March 8th, 2009

The Grapes of Mary

The mother/wife/virgin mistress of God has now appeared on a grape.

Mary Grape

Ms. Ginn said she is thinking about trying to sell the grape on eBay, where others have sold food reincarnations of religious figures. Any profit would go to her church, Fielder Road Baptist Church in Arlington, she said.

She said she has no intention of trivializing the experience.

“I’m all for showing that God sometimes does have a sense of humor,” she said.

Even though she sees no deep meaning in the grape, it was still obviously caused by the Lord. At least, as soon as she can make a profit.

February 28th, 2009

Holy Bruises

In what appears to be a satirical response to the last news entry, the face of Jesus appears on a girl’s bruise.

Jesus Bruise

[The girl] also commented that she thought it was a sign that “Jesus wants us to ride around in cars with boys; he’s telling us all that it’s OK. Also that I need a cooler cell phone.”

Satire it may be, but the image and perceived meaning behind it are just as legitimate as every other Jesus sighting on this website. Perhaps Jesus was trying to convert the unbelievers.

February 28th, 2009

Mary Burns (Not Just Toast)

A man suffered a motorcycle accident and Mary decided to appear in his wound.

Mary Road Burn

Lipton said he believes the Virgin Mary protected him from further injury when the motorcycle slid out from underneath him.

Why doesn’t Mary deign to protect all the accident victims who are killed every day? Actually, they’re probably all heathens.

February 25th, 2009

Jesus In His Own House

In a rare occasion, the son of God decided to actually show up in a church.

Jesus Podium

Jubilee Fellowship Church members say you can see Jesus’ face on their pulpit. After it was re-varnished, someone from the church noticed the profile of what they believe is Jesus Christ.

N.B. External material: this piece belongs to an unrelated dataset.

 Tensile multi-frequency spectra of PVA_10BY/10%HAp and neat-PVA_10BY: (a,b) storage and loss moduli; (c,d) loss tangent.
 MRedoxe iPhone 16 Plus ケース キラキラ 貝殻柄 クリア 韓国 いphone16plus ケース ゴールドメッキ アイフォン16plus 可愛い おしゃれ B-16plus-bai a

So no matter what they do, some church members believe you can see some image of Jesus in their podium. Obviously a sign from the Lord himself.

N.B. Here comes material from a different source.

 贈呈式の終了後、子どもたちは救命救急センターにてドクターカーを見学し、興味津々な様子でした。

There’s also a poll at the bottom of the article, where hundreds of people have said that they can in fact see Jesus’s image.

February 25th, 2009

He’ll Be Coming Down the Mountain

Jesus now appears on a rock on the side of a mountain road.

Jesus Rock 3

Shirley Maples says she was riding in a bus looking out the window when she saw it.

Maples’ friend Annette Neal believes the image is there to watch over them. Maples’ other friend, Maxine Nance, says Maples needs a kidney and believes the image is a sign that Maples will be OK.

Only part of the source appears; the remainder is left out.